Paul decides that he must make himself a righteous man to save the world from God’s wrath, but he does not know how. This is a world where the righteous are easily culled.
He prays for guidance, but again, God does not answer.
♦
“Oh Lord,” Ethan says.
He remembers seeing stories on the news about poor kids from the developing world who were flown to hospitals in the United States to have giant benign tumors removed. The kids were grotesques, carrying twenty to third pounds of flesh on their faces. The tumors were large masses of tissue forming as a result of cancer cells reproducing at an abnormally accelerated rate.
&nbs
p; Ducky has something similar growing out of his hip, but it is not a normal tumor. It is a monkeylike creature curled up into a fetal ball, breathing, apparently asleep. Ethan can see where the driver cut the pants of his uniform to release the constantly growing creature. Now he understands why the soldiers were carrying the driver here, away from the other survivors. They do not want the others to see Ducky like this.
Sarge asks the driver how he is feeling. Ducky’s gaze shifts to Sarge but otherwise his expression does not change.
The gunner shakes his head. “He barely has enough energy to breathe right now,” he says.
Sarge looks at Ethan pointedly. “So. You’re the smart one. What do you think?”

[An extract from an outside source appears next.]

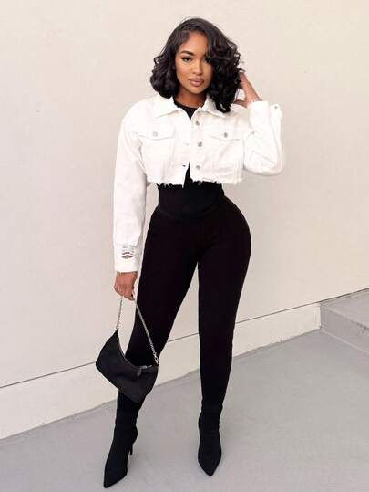 Alexandranx 前扣式有領長袖短牛仔外套,休閒日常穿著 - 白色 - 查看 6
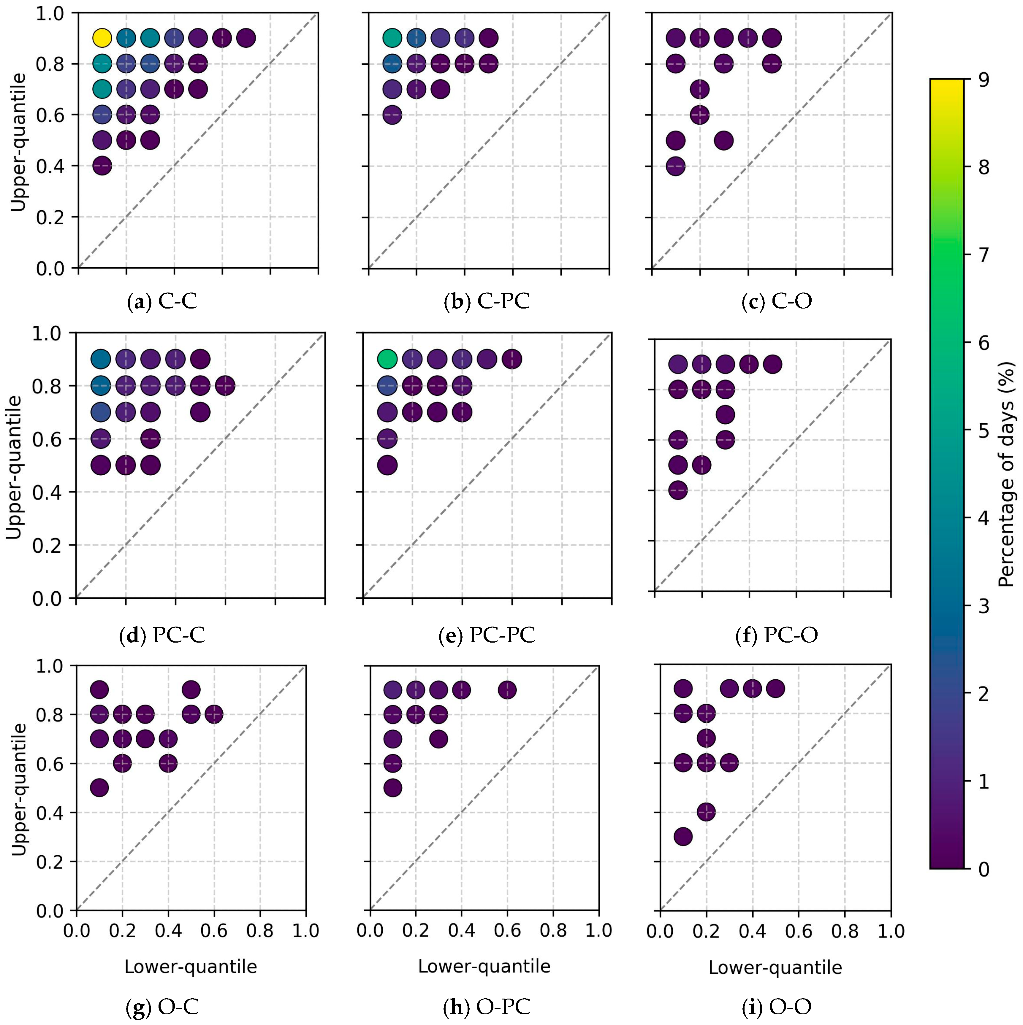 To better understand the strengths and limitations of various solar forecasting models, forecasting scenarios are defined by combining the sky conditions of the forecast day with those of the previous day. This yields nine possible two-day sky condition scenarios, as shown in Figure 3. The most frequent case is a clear day followed by another clear day, accounting for approximately 38.75%. In contrast, combinations involving overcast days are much less common—ranging from 3.60% to 1.75%—reflecting the predominance of clear skies in the dataset. The remaining transitions between clear and partly cloudy conditions collectively represent around 45.3% of the total cases.

Ethan examines the thing growing out of Ducky’s hip, careful not to touch it. It is like cancer, but more than that: a parasite. He cannot believe his eyes; it appears that the man’s entire body has been completely rewired to give everything it has to the growing creature. The thing has apparently reorganized Ducky’s organs and is pressing on his bladder, making him piss himself nearly continuously, a sickly, foul-smelling pink fluid.
Fascinating, almost miraculous, from a purely scientific standpoint. Horrific, and utterly revolting, from a human standpoint.
“We don’t have much time,” the gunner says.
“Time’s up, doc,” Sarge says. “Can you fix him?”
“I don’t understand what it is exactly you expect me to do here.”
Sarge extends his service knife to Ethan.
“Can you fix him?”
Ethan almost laughs, but stops himself. Sarge is not the kind of guy you laugh in front of when one of his people is dying.
Sarge adds, “I sterilized it. It’s clean. And we got plenty of alcohol and gauze.”
“He can’t survive an amputation.”
“Ducky’s a tough sumbitch.” He smiles weakly at the driver. “We’ll booze you up good, Ducky. You won’t feel a thing.”
“Sarge, I’m sorry about your man,” Ethan says carefully. “But there’s nothing anybody can do.”